What you are asked to do » Span requested from the data below: the line with "Die Sache ist" through the line with "To give more", both included. Give only these lines again, exactly, and leave every picture out.

+++ Dataset excerpts +++

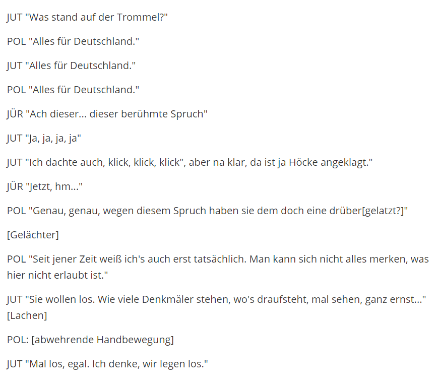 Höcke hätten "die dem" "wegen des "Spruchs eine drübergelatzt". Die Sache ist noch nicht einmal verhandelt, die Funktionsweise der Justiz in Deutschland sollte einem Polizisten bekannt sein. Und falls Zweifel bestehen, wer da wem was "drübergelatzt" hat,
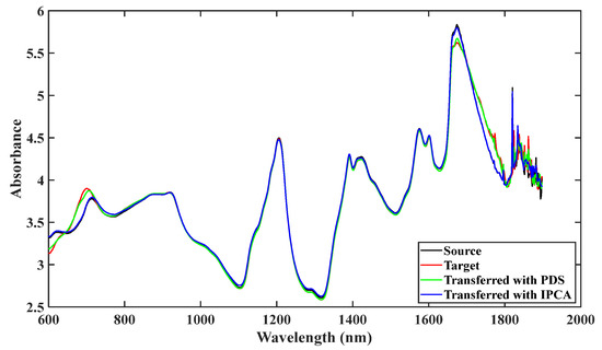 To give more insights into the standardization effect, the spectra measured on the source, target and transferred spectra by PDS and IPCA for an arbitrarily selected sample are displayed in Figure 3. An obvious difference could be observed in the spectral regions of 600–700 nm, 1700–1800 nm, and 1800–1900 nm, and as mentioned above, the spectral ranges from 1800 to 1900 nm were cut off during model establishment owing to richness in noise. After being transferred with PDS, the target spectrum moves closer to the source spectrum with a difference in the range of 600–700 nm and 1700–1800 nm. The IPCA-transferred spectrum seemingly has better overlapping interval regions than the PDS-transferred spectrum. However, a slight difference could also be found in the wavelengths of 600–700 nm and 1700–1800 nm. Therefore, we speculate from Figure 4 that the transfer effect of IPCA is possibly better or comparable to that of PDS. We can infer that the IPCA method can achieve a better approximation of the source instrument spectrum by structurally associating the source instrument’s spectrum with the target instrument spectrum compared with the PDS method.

+++
+++ Dataset excerpts +++

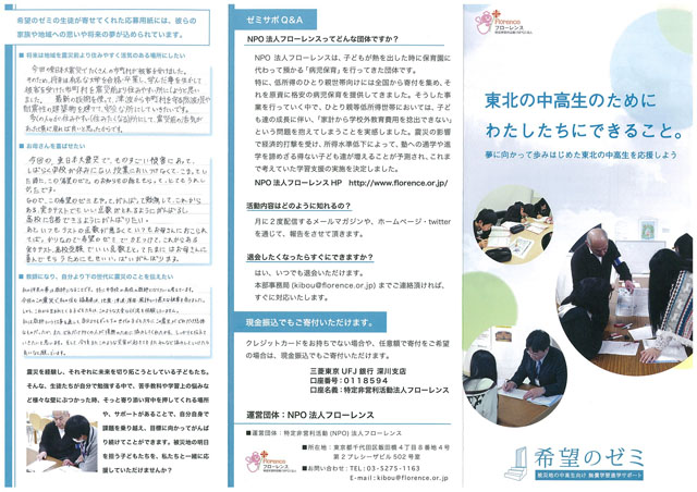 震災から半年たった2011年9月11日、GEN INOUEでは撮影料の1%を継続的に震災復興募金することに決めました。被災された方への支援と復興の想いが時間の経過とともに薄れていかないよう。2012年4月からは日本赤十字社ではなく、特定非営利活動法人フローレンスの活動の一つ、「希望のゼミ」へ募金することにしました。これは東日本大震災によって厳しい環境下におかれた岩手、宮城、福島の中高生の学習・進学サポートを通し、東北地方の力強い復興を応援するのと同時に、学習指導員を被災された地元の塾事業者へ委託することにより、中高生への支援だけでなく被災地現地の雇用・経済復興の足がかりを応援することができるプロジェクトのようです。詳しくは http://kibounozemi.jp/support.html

+++

Response area »
 Höcke hätten "die dem" "wegen des "Spruchs eine drübergelatzt". Die Sache ist noch nicht einmal verhandelt, die Funktionsweise der Justiz in Deutschland sollte einem Polizisten bekannt sein. Und falls Zweifel bestehen, wer da wem was "drübergelatzt" hat,
 To give more insights into the standardization effect, the spectra measured on the source, target and transferred spectra by PDS and IPCA for an arbitrarily selected sample are displayed in Figure 3. An obvious difference could be observed in the spectral regions of 600–700 nm, 1700–1800 nm, and 1800–1900 nm, and as mentioned above, the spectral ranges from 1800 to 1900 nm were cut off during model establishment owing to richness in noise. After being transferred with PDS, the target spectrum moves closer to the source spectrum with a difference in the range of 600–700 nm and 1700–1800 nm. The IPCA-transferred spectrum seemingly has better overlapping interval regions than the PDS-transferred spectrum. However, a slight difference could also be found in the wavelengths of 600–700 nm and 1700–1800 nm. Therefore, we speculate from Figure 4 that the transfer effect of IPCA is possibly better or comparable to that of PDS. We can infer that the IPCA method can achieve a better approximation of the source instrument spectrum by structurally associating the source instrument’s spectrum with the target instrument spectrum compared with the PDS method.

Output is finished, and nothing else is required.